→ WORK TO COMPLETE
Return all of the data below verbatim and exclude every picture.

→ DATASET EXCERPT
↓
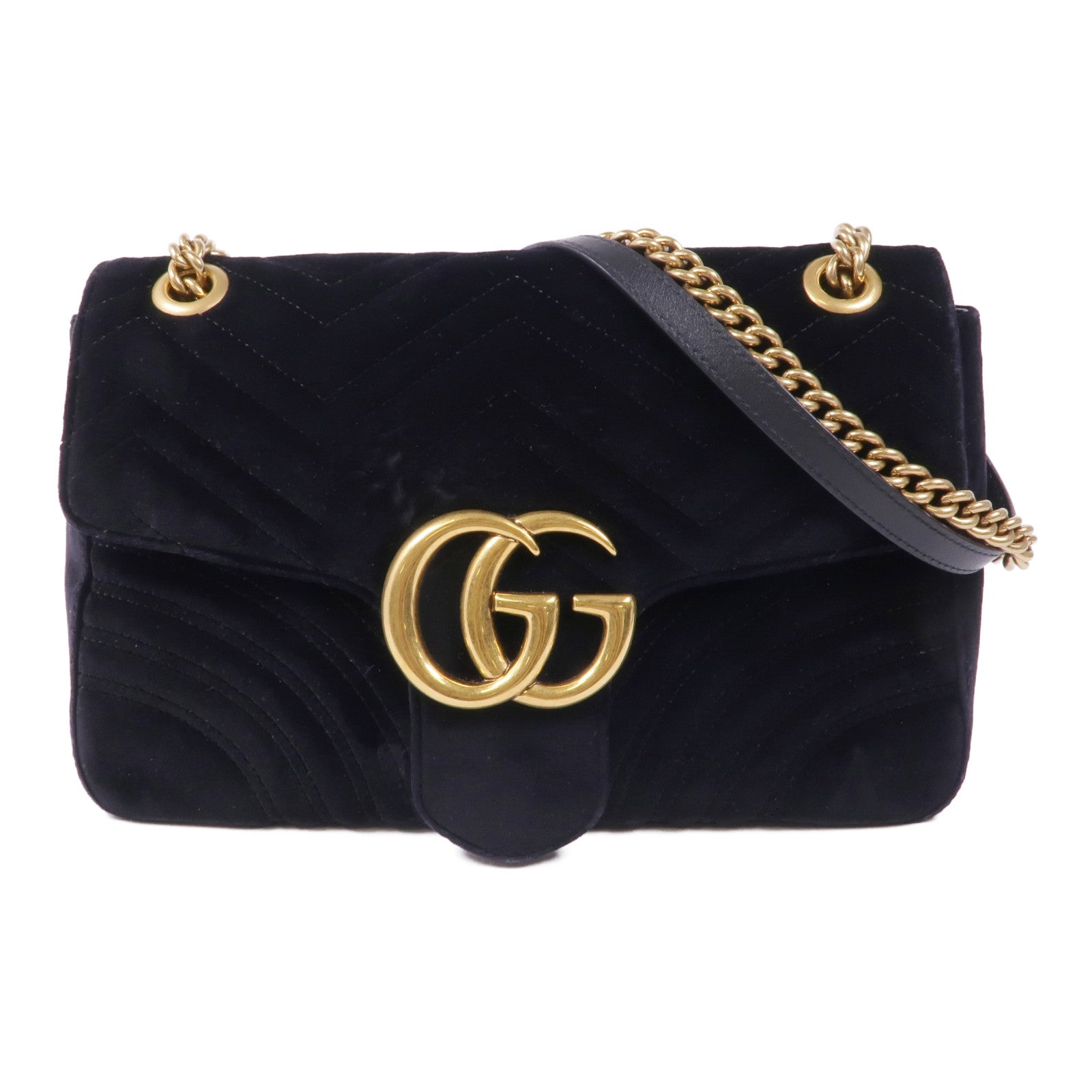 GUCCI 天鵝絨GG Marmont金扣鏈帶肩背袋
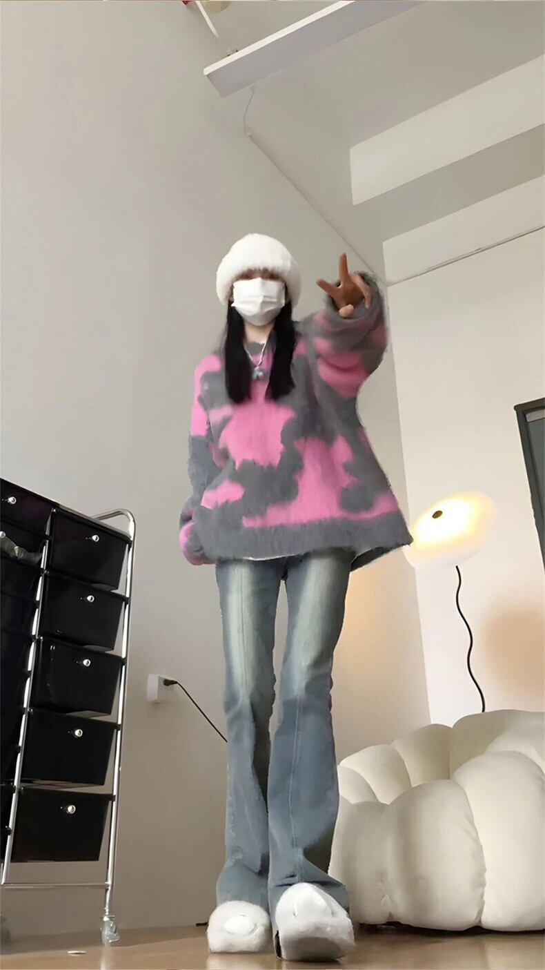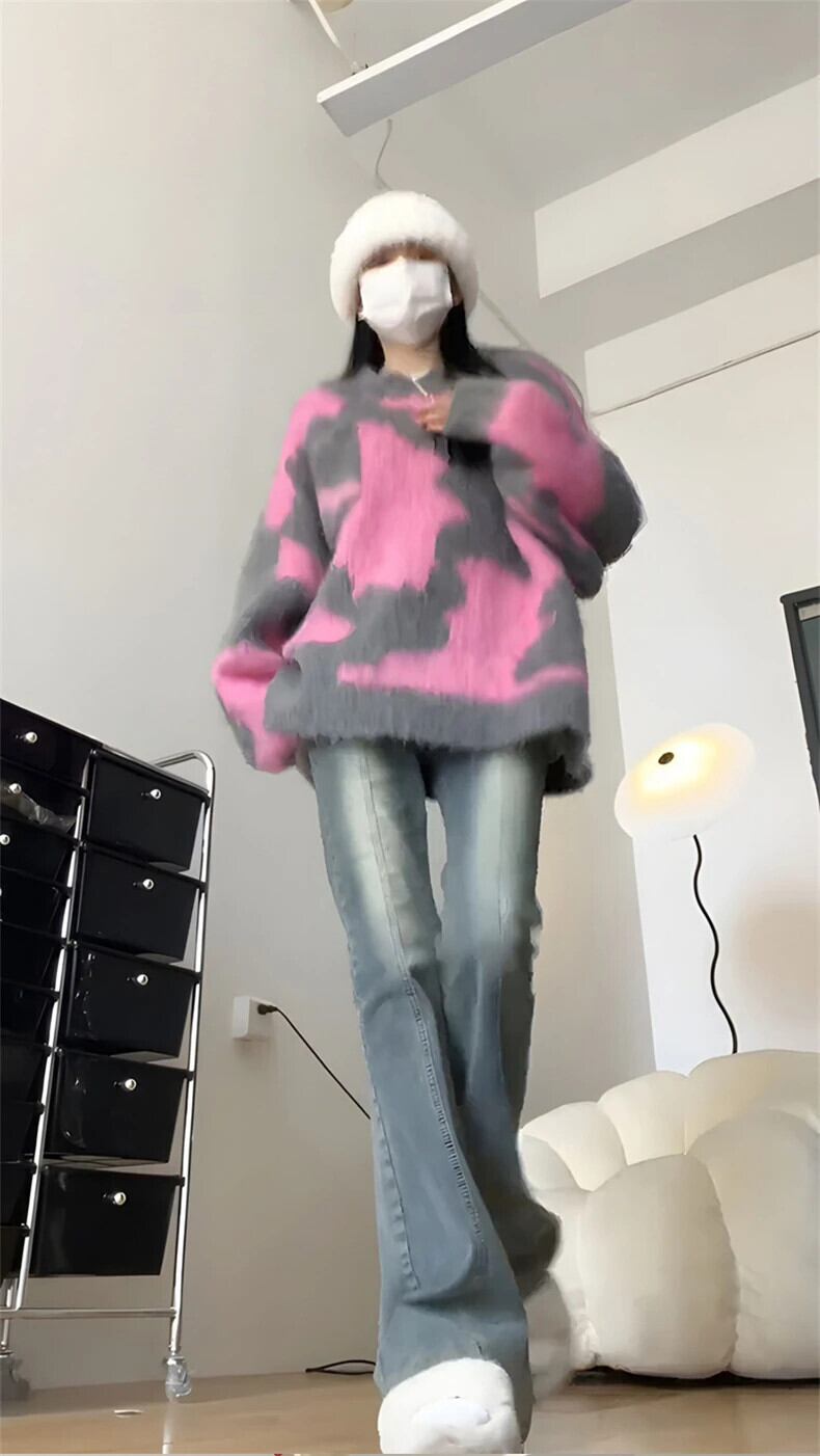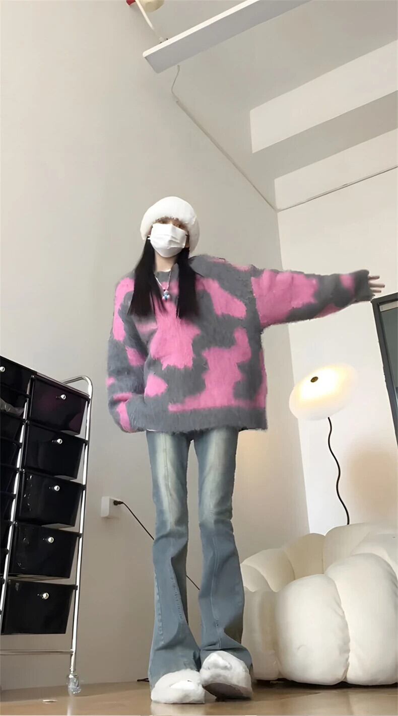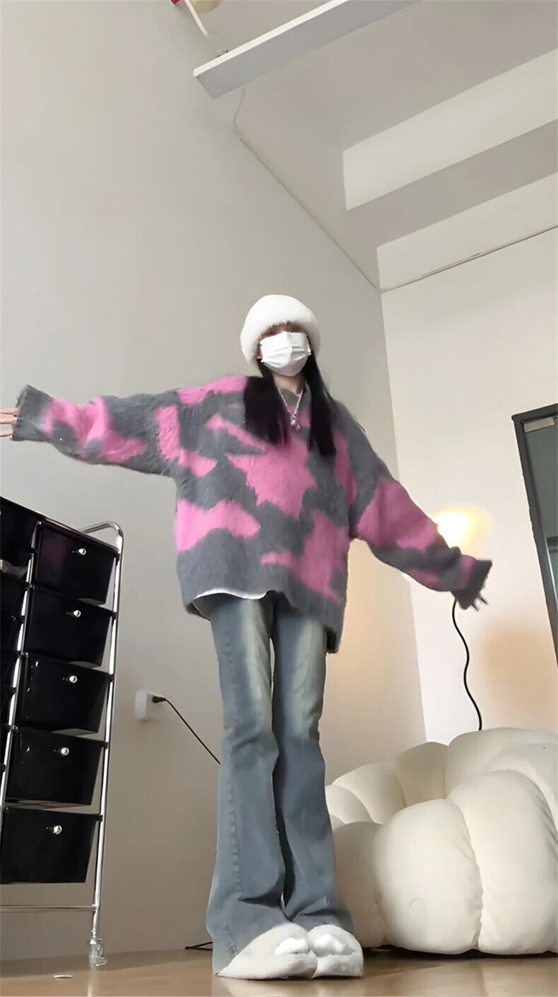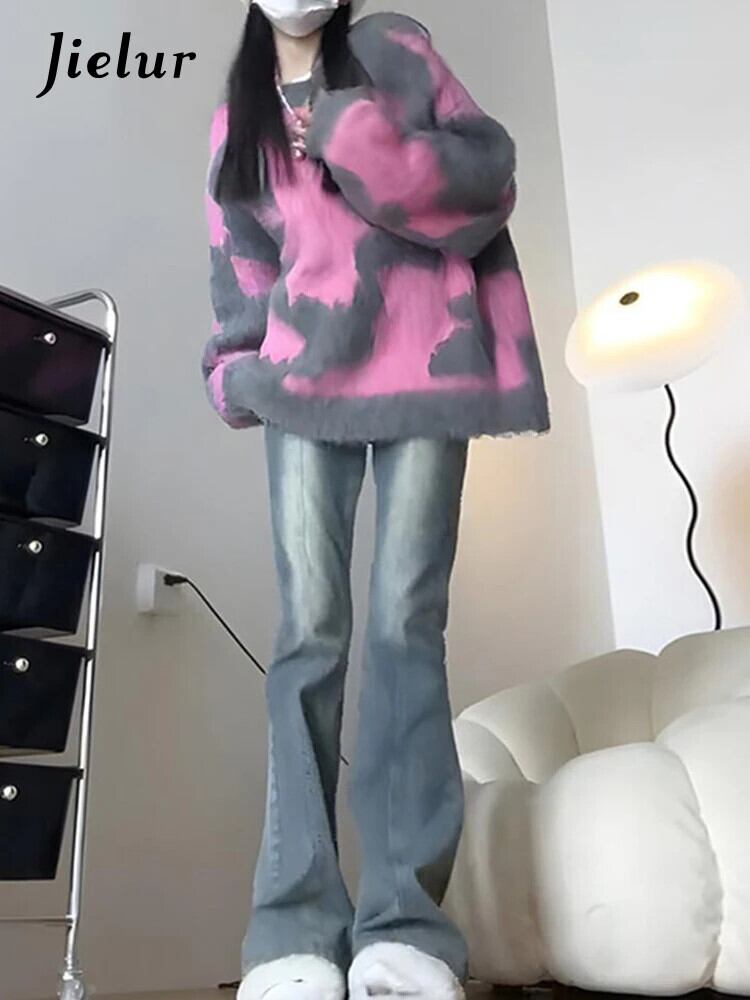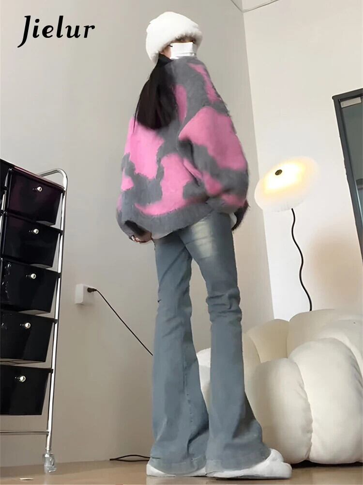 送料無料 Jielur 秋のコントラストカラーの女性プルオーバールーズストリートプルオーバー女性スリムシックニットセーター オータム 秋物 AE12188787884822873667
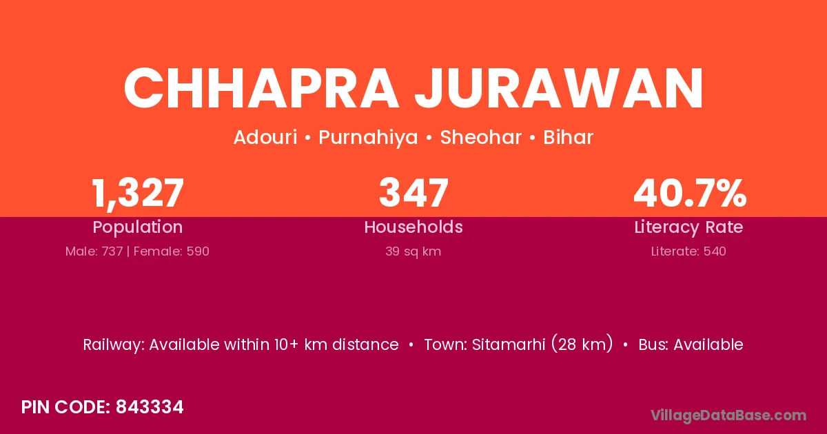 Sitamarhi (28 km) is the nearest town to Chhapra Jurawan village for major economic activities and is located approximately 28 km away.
↑
→ ANSWER AREA
 GUCCI 天鵝絨GG Marmont金扣鏈帶肩背袋
 送料無料 Jielur 秋のコントラストカラーの女性プルオーバールーズストリートプルオーバー女性スリムシックニットセーター オータム 秋物 AE12188787884822873667
 Sitamarhi (28 km) is the nearest town to Chhapra Jurawan village for major economic activities and is located approximately 28 km away.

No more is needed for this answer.